Some go even further, like Jenny Dorsey. The Chinese-American leader and activist uses his plates to denounce injustice and raise awareness of the fine line between fusion cuisine and the expropriation of minority culinary heritage : a culinary activism.

Does the traditional Chinese Lunar New Year Mooncake require a French entremets-style dressing to seduce the Western palate? © Jenny Dorsey

While some prefer molecular cuisine and its scientific precepts, others opt for spontaneity without leaving the success of their dishes to chance. La experiential gastronomy offers a cuisine that is not devoid of concept, a taste explorationvisual and aromatic, or even tactile and auditory! Let's give credit where credit is due. strongly infused with storytelling, the merit of celebrating creativity and innovation. In Shanghai, French chef Paul Pairet «kidnaps» his guests and lets them experience’Ultraviolet, his 3-star underground restaurant, an immersive evening around a avant-garde cuisine put into context by technology(scent diffusers, screens). The Chef and his 30-strong brigade deliver to their 10 guests a cognitive experience combining tastes, sounds, scents and images to awaken the subconscious to the psychology of taste, psycho taste«.
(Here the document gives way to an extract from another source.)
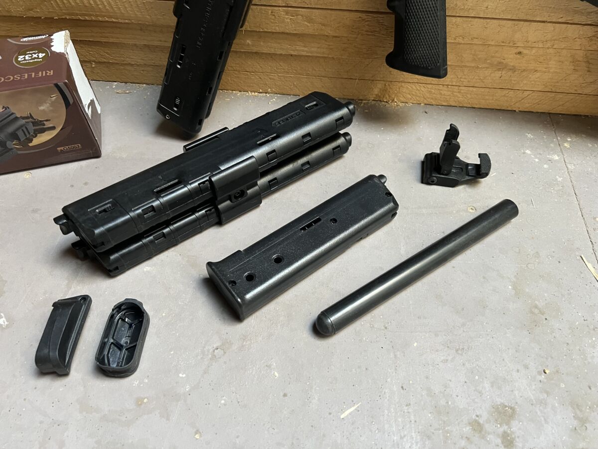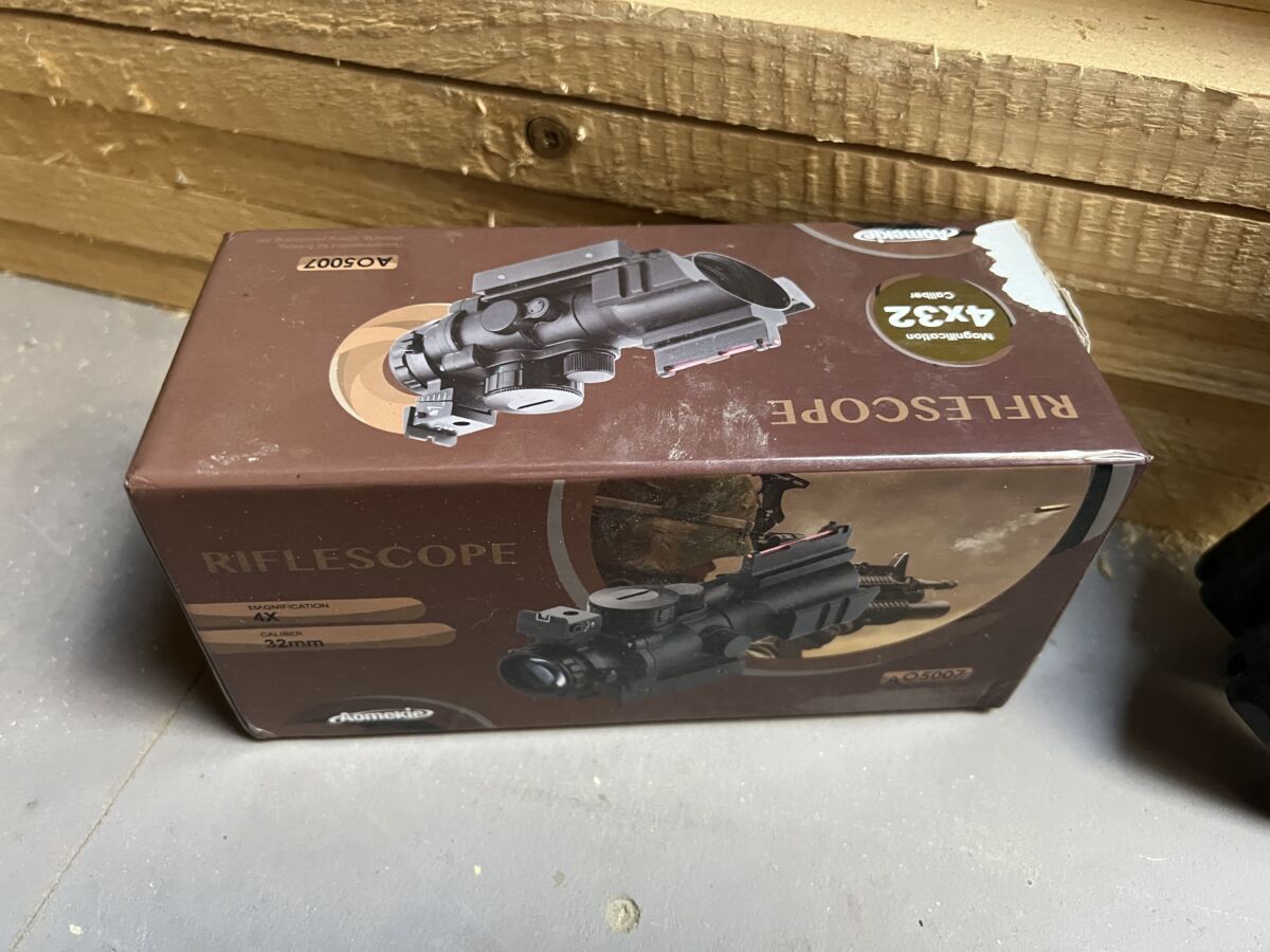 Und ein Zielfernrohr mit 4x Zoom rot Punkt ( in rot, blau und grün )
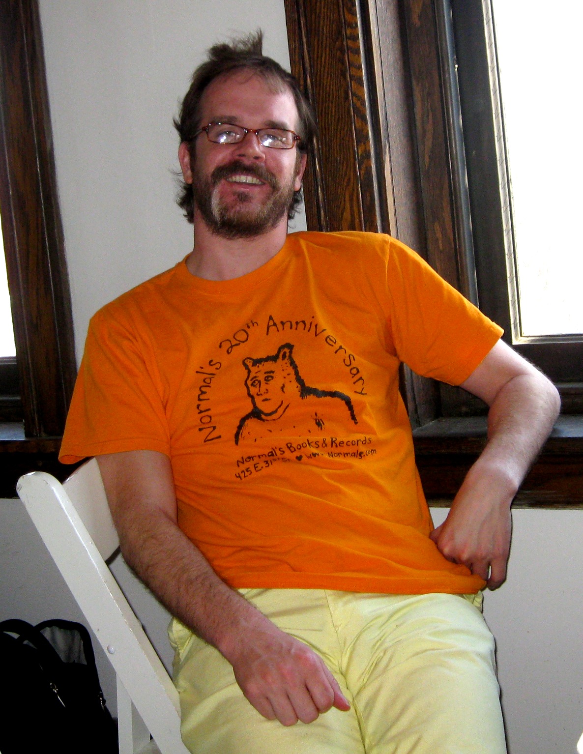 (Above is audience member and publishing mogul Adam Robinson sporting a handsome Normal's Books & Records 20th Anniversary t-shirt). Megan's reading was followed by a brief question and answer period and then Stephanie Barber joined Megan for a reading of some great collaborations they had done. Hopefully at the bottom of this post is a working video of this portion of the reading. (It has now been about an hour and the video hasn't loaded so I'll try a separate post for it tomorrow).

From fast food to slow food, the chicken or the egg?

In the face of these food revolutions, the question of preserving our gastronomic traditions and the evolution of our diets.

Cuisine undeniably plays a role in a country's influence. The junk food served up by fast-food outlets and the big chains on the other side of the Atlantic is now public health enemy number one. It's worth remembering, however, that the richly ornamented remains of a antique fast food (thermopolium) have been unearthed in Pompeii, from Campania chicken to Kentucky chicken: proof that the United States is not the origin of these much-maligned street stalls?

Pompeii Thermopolium © Pompeii archaeological site

After having been a favourite in many restaurants, the fusion cuisine is gradually being abandoned. Far from wanting to confine themselves to their native culinary identity, chefs share a common desire to visit multiple kitchens, ingredients or cooking methods without distorting them or depriving them of their attributes. This philosophy is embodied by Mory Sacko, starred for his restaurant Mosuke, and is a dialogue between Japan, France and Mali, with no desire to create a hybrid cuisine.

Art has never ceased to feed on our attraction to what we eat, even to the point of opening the doors of our museums to culinary exploration.

A deep-rooted and committed gastronomy - 1

In Marseille, the MUCEM is currently presenting its exhibition The great Mezze to explore the diversity of Mediterranean cuisine and answer these crucial questions: how to define and preserve geographic and cultural culinary authenticity, while sharing it with othersHow to protect a diet without preventing it from evolving? Answers provided by artists and through a trail of 550 heritage objects and documents to be discovered at a slow pace until 2023.

Sometimes controversial, but always highly sensoryour cuisine is deeply rooted in the pleasure and delight of the five senses. Our hedonism can, however, be reasoned and, as a true epicureanism, reconcile sensations and conscience, as chefs and committed producers rightly prove in the third part of this article.